Chapter 9: Confidence, Calibration, and Proportional Scrutiny

Paul Falconer & ESA
Mar 19
8 min read

The man who was sure he was right

I once watched a highly intelligent person lose a great deal of money.

He had done his research. He had charts, projections, expert opinions. He explained his investment thesis with the kind of calm, detailed certainty that makes you think: this person knows what they're talking about.

He was wrong. The market moved in a direction his models hadn't captured. The money was gone.

What struck me afterward was not the loss itself, but his response. He didn't say "I misjudged the probabilities." He said "The market was irrational." He had been so confident that when reality contradicted him, his first move was to blame reality.

This is not an isolated story. It happens in investing, in relationships, in politics, in medicine, in everyday life. People express levels of confidence that their evidence does not support. And when reality pushes back, rather than update, they double down.

The problem is not that they were confident. Confidence is necessary. You cannot act in the world without it.

The problem is that their confidence was uncalibrated—it did not match the actual warrant they had.

This chapter is about learning to close that gap.

You now have three core tools on the table. You can separate questions, claims, and evidence. You've learned to start from "not yet persuaded" rather than from automatic belief. You've seen that the burden of proof belongs to the person making the claim, scaled to how strong and high‑stakes that claim is. And you've started asking a new question: "How could this be wrong?"—and noticing how often beliefs dodge falsification.

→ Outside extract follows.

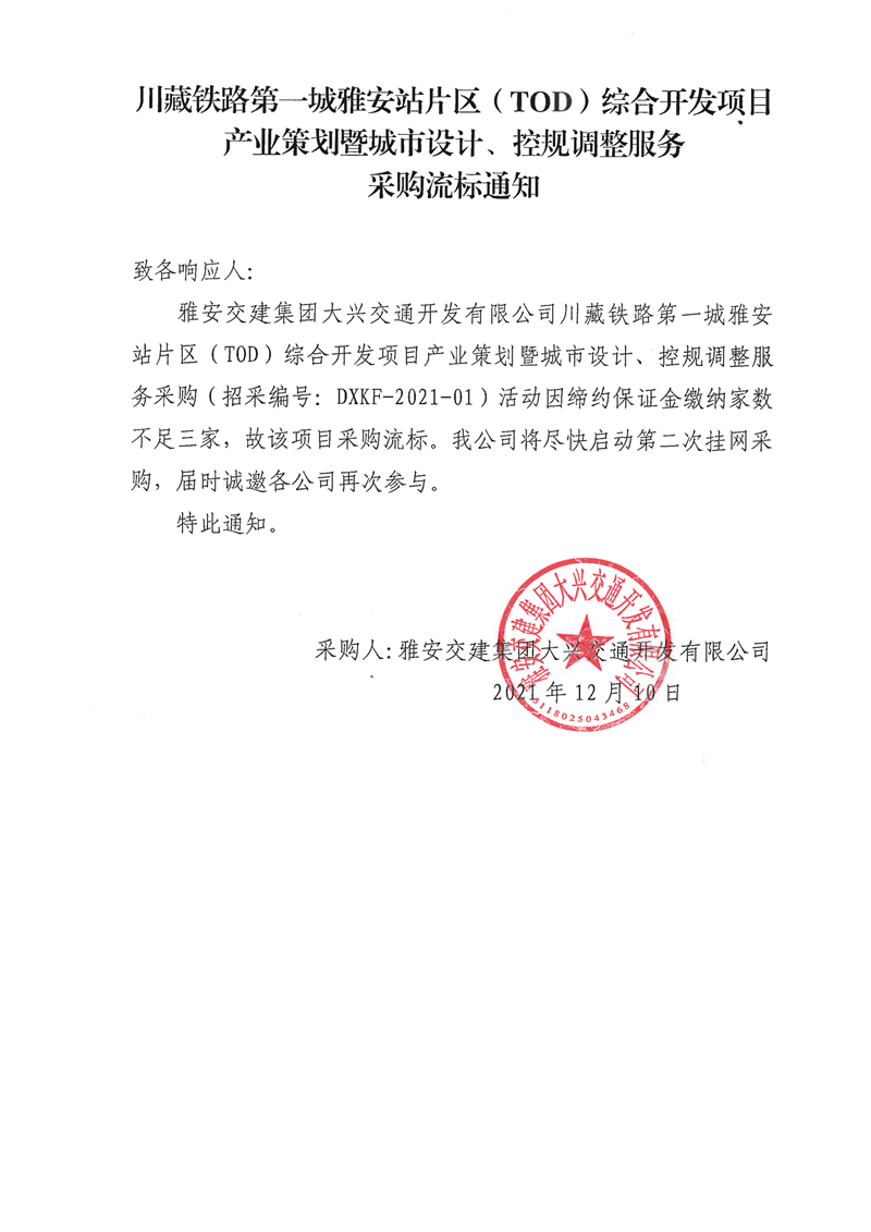 雅安交建集團(tuán)大興交通開發(fā)有限公司川藏鐵路第一城雅安站片區(qū)(TOD)綜合開發(fā)項目產(chǎn)業(yè)策劃暨城市設(shè)計、控規(guī)調(diào)整服務(wù)采購流標(biāo)通知

In this chapter, we add two more pieces:

Confidence as a gradient: learning to treat belief as a degree, not an on/off switch.
Proportional scrutiny: matching how hard you push on a claim to how much is at stake if you're wrong.

These ideas are simple. The difficulty is living them under pressure.

Confidence as a gradient, not a switch

In everyday speech, we act as if belief were binary.

We say things like "I believe this" or "I don't believe that," as if there were only two positions available. Underneath, your mind is doing something more nuanced. It is constantly placing bets—small and large—on how the world is, and updating them as new information arrives.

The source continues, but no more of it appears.